_Data shown:_
Content starts

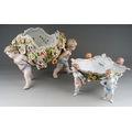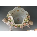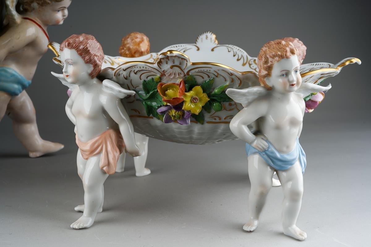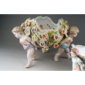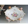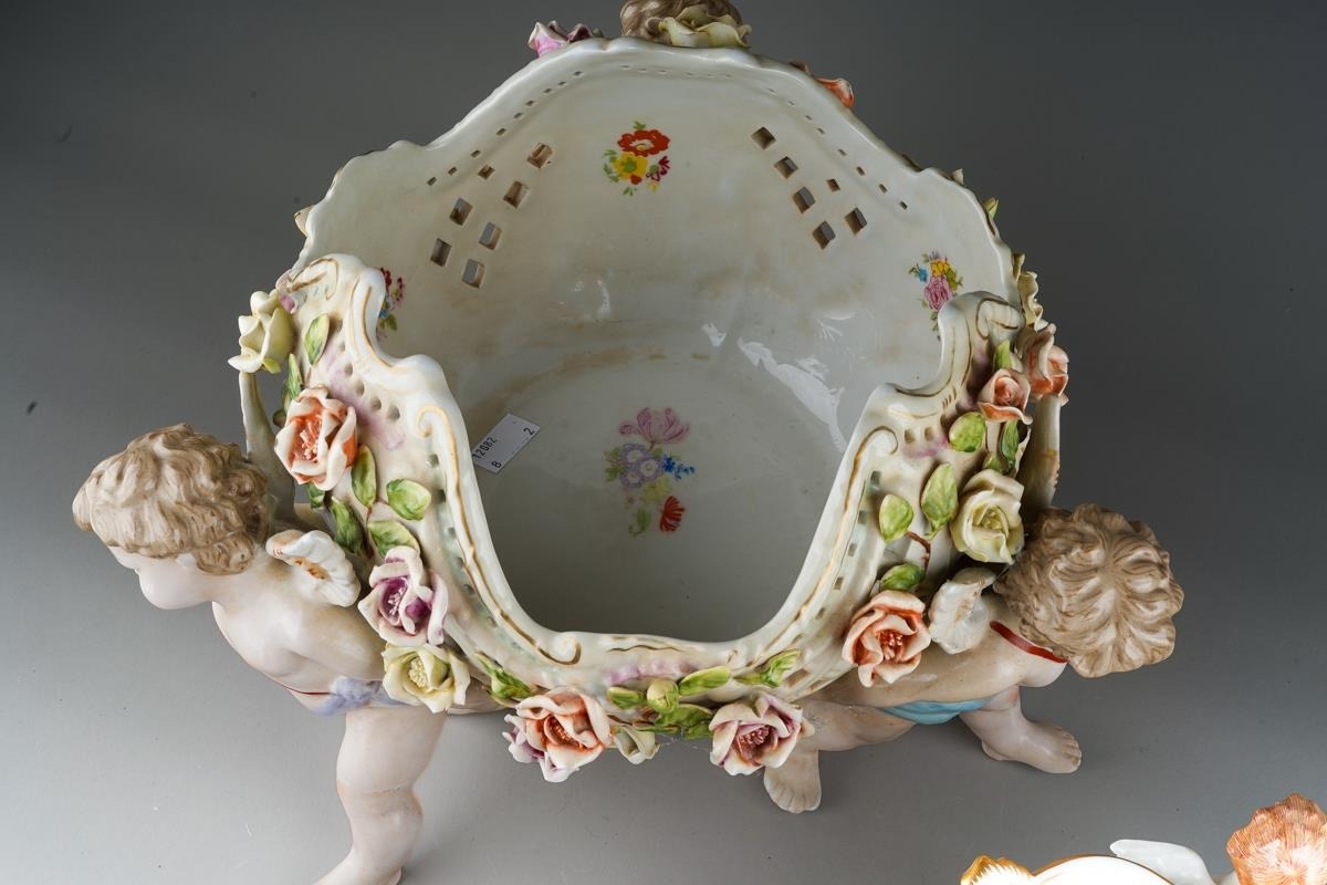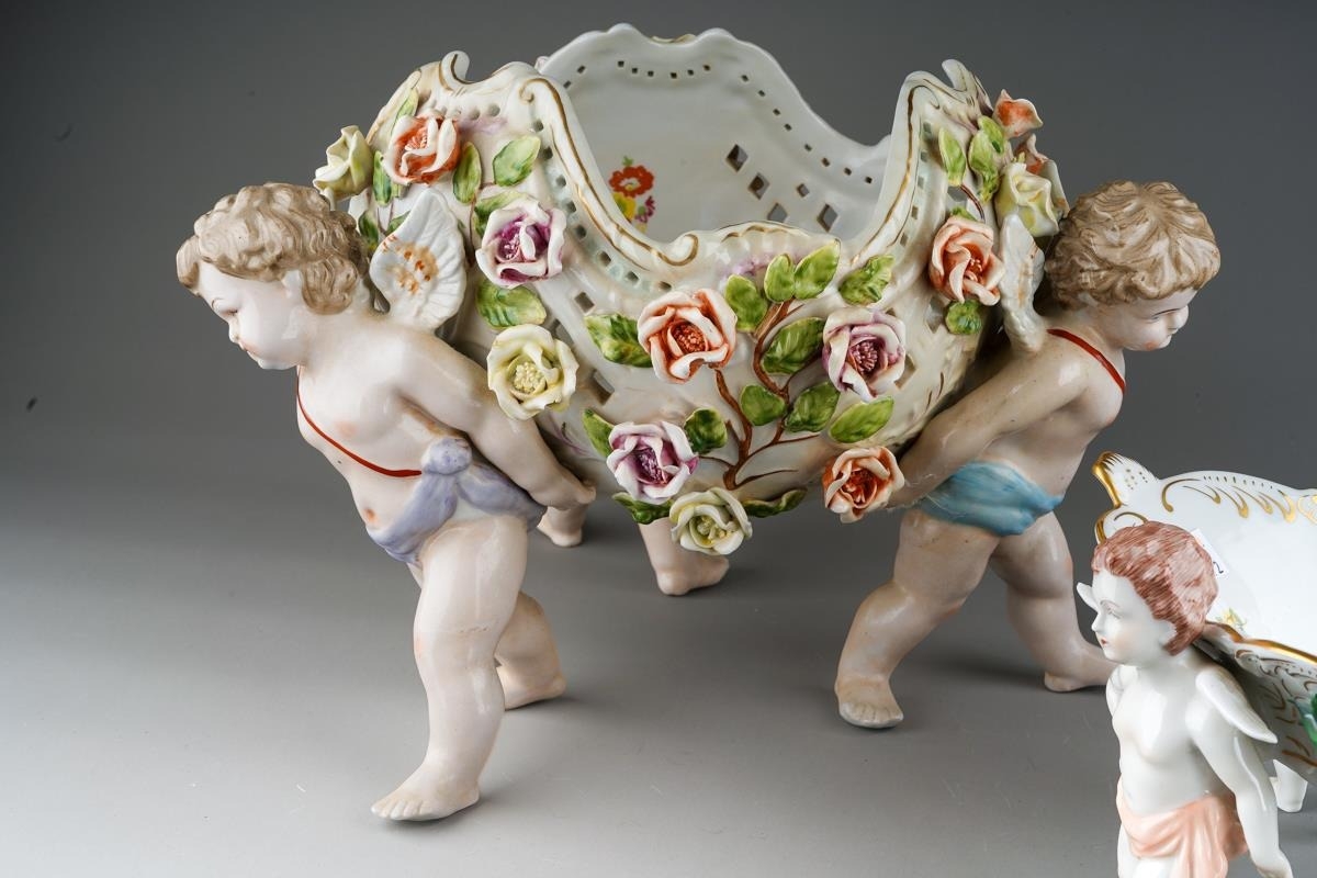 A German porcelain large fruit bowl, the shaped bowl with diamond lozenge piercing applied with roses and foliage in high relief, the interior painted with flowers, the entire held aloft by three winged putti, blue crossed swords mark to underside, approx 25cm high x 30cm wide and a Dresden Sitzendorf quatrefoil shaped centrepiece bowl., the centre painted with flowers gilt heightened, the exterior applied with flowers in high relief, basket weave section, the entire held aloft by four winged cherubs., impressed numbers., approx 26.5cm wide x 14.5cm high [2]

Content ends
Content starts

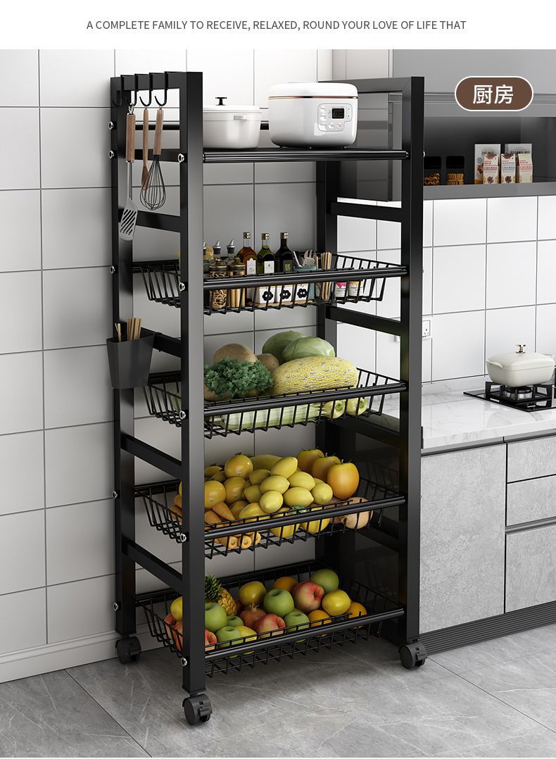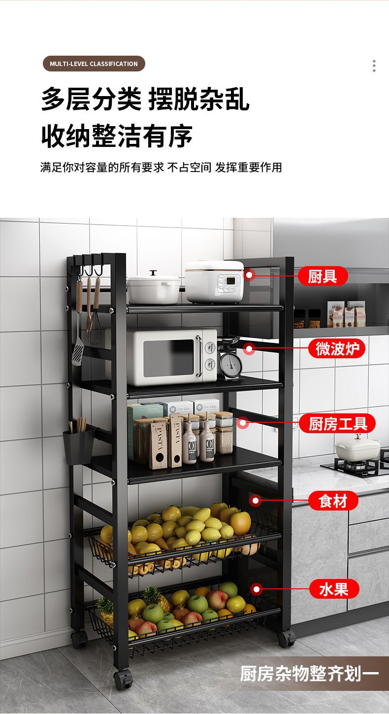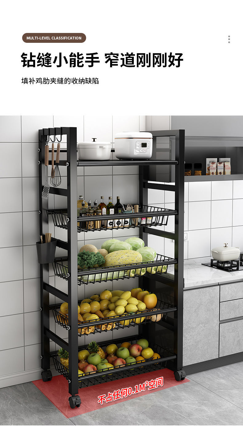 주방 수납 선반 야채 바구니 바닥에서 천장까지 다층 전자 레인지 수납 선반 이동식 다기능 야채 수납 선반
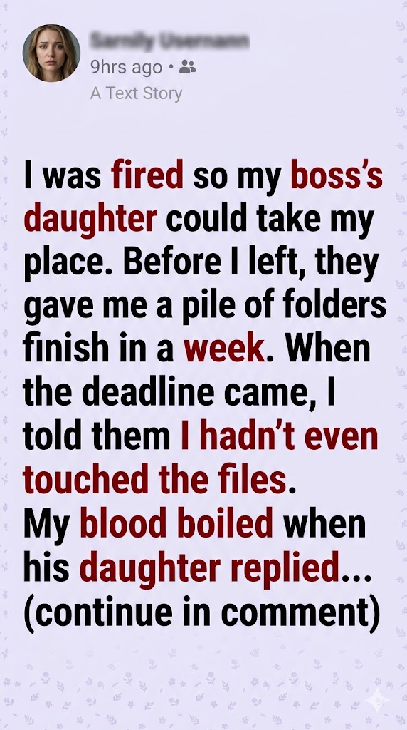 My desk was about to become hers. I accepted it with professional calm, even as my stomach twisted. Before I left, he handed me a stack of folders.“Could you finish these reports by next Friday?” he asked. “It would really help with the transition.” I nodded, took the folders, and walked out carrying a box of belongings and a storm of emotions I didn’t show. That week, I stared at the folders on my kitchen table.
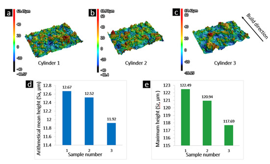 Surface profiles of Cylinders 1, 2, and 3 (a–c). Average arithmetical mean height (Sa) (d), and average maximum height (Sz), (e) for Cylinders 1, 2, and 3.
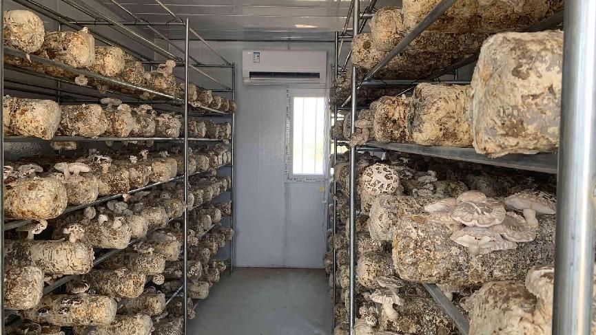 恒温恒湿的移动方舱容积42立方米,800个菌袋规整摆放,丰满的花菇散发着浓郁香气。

Content ends

_Exercise aim:_
In the data above, the stretch from the line with "Surface profiles of" through the line with "恒温恒湿的移动方舱容积42立" is to be returned exactly, minus any pictures.

_Worked solution:_
 Surface profiles of Cylinders 1, 2, and 3 (a–c). Average arithmetical mean height (Sa) (d), and average maximum height (Sz), (e) for Cylinders 1, 2, and 3.
 恒温恒湿的移动方舱容积42立方米,800个菌袋规整摆放,丰满的花菇散发着浓郁香气。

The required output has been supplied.